4.6 Strengths and limitations

We created a framework for NLP workflow (Fig 1) based on CRISP-DM for this review and this framework can be understood as a supervised machine learning pipeline for NLP. The sequential steps of the pipeline can be applied to detect ADEs in clinical narratives.

We identified strengths and limitations of current research, and promising direction for future studies. Furthermore, both quantitative and descriptive data, including details of error analysis, are reported. This knowledge is crucial for data scientists to optimize performance of NLP pipelines for the task of ADE detection. It also helps clinicians and pharmacists to understand the value of NLP for their practice and how they could contribute to the development of more robust and clinically valuable NLP pipelines for ADE detection. In addition to standard literature databases MEDLINE and EMBASE, the pre-print server, arXiv, is included in our search strategy to look for state-of-the-art technical literature.

A limitation of this review is that we critically appraised the methods in the papers based on our own choice of tools. However, currently no validated assessment tool or reporting guideline specific to publications on clinical NLP exists.

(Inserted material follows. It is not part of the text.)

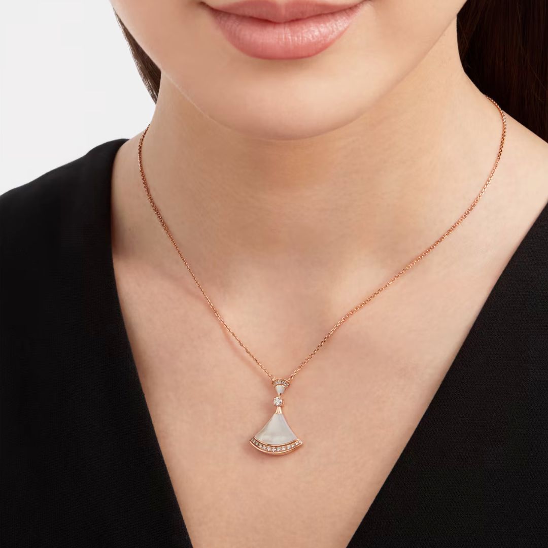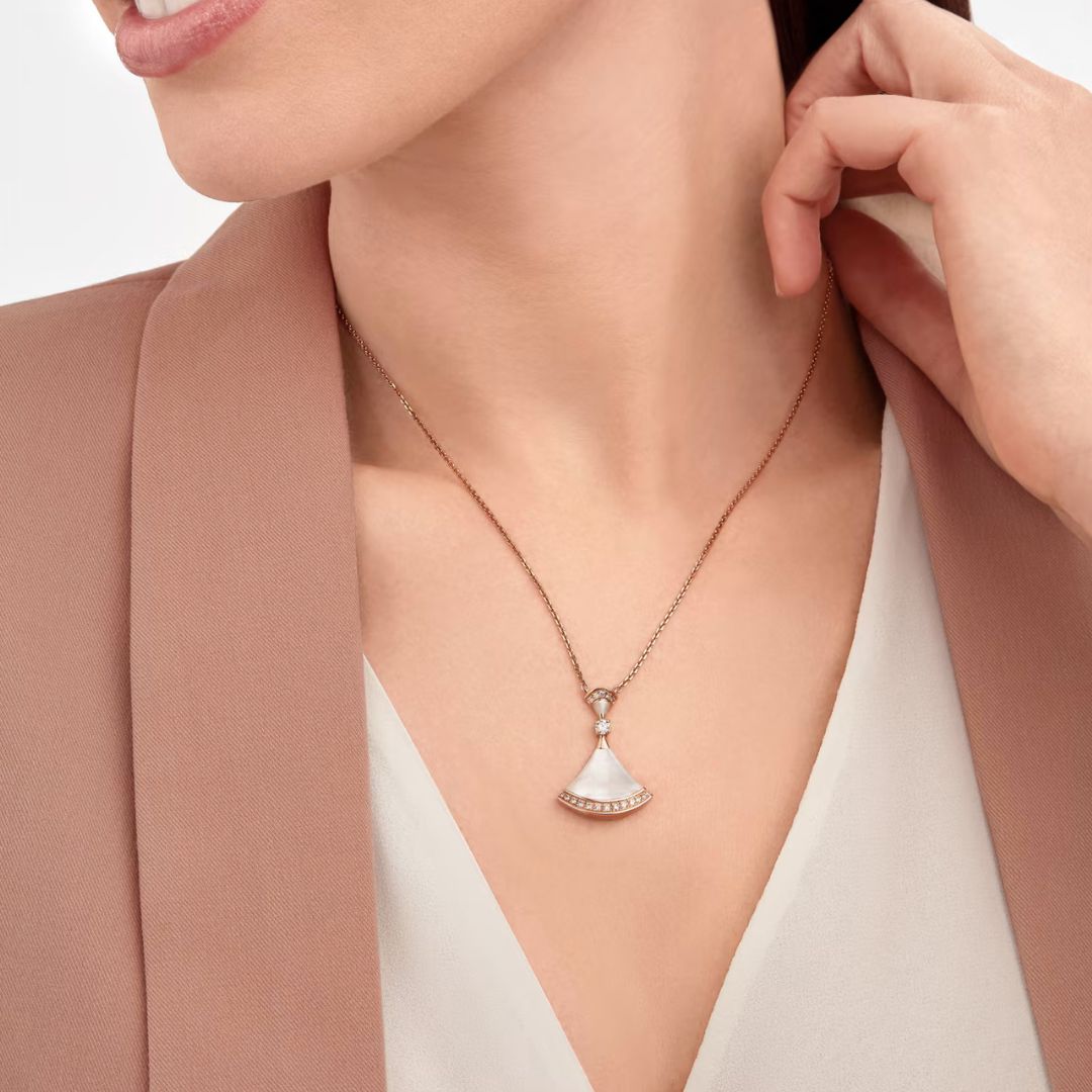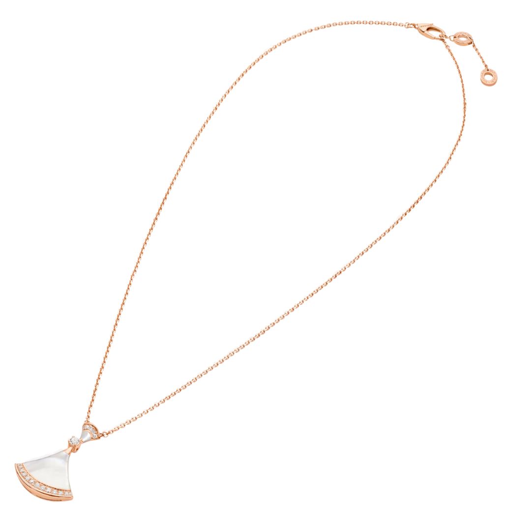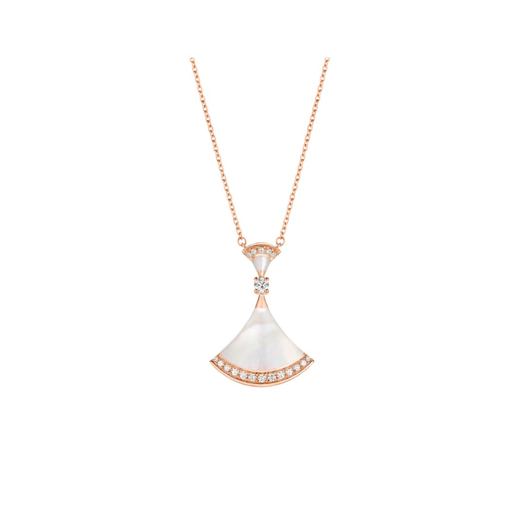 Emblema di stile ed eleganza italiana, la collana DIVAS’ DREAM evoca il mito della Diva e il suo fascino misterioso e accattivante. Con il suo iconico motivo a ventaglio, ispirato ai magnifici mosaici romani delle Terme di Caracalla, il pendente incarna la quintessenza della femminilità e della bellezza italiana, celebrando l’indissolubile legame tra Bvlgari e la Città Eterna. Una creazione dal design contemporaneo, impreziosita da una sofisticata composizione di gemme. Collana DIVAS’ DREAM in oro rosa 18 kt con inserti in madreperla, diamante tondo taglio brillante e pavé di diamanti.

The upcoming artificial intelligence extension to the Transparent Reporting of a multivariable prediction model of Individual Prognosis Or Diagnosis (TRIPOD) statement and PROBAST tool (TRIPOD-AI and PROBAST-AI) [83] may provide more clarity on this issue, but at this time there is a gap for assessing clinical NLP models.

4.7 Future directions

Future work should investigate semi-automated methods to reduce the manual effort required to create annotated corpora to train NLP models, and examine how NLP can be deployed to detect ADEs in clinical practice. Making annotated corpora available for others to use will facilitate the training of data-hungry deep learning models and enable external validation. Furthermore, adding clinicians and pharmacists as team members when applying NLP for ADE detection should be a standard practice, since their expertise is needed to ensure high quality annotated data is created, and to elicit best suited strategies to implement NLP models into clinical practice. In order to assess the value of the future NLP pipelines, the reporting pratices must align with available and future reporting standards. Lastly, the recent advances in weakly supervised machine learning methods present new and exciting opportunities worth exploring to support NLP application for ADE detection, for example, helping in the annotation task [84].

4.8 Conclusions

The studies included in the review demonstrate that it is feasible to extract information on ADEs from clinical narratives using NLP. This is especially useful given that these data has the potential to be reused for multiple purposes, including routine ADE monitoring, clinical decision support, and research. Clinical involvement appears low and there is potential for clinicians to play an active role in the design and implementation of these types of systems. Performance on the ADE entity or ADE relation class is low compared to overall performance. The studies examined here demonstrate that multiple modelling approaches are available, but more work is needed in data preparation and deployment stages of the NLP process. Especially for languages other than English, extra barriers are present like lack of ontology-matching tools. When annotating corpora, treating an ADE as a relation between a drug and non-drug entity seems the best practice. Although the included studies encompass diverse clinical domains, setting, narratives and methods used, LSTM and CRF (or a combination of these) methods are most frequently used in ADE detection from clinical narratives.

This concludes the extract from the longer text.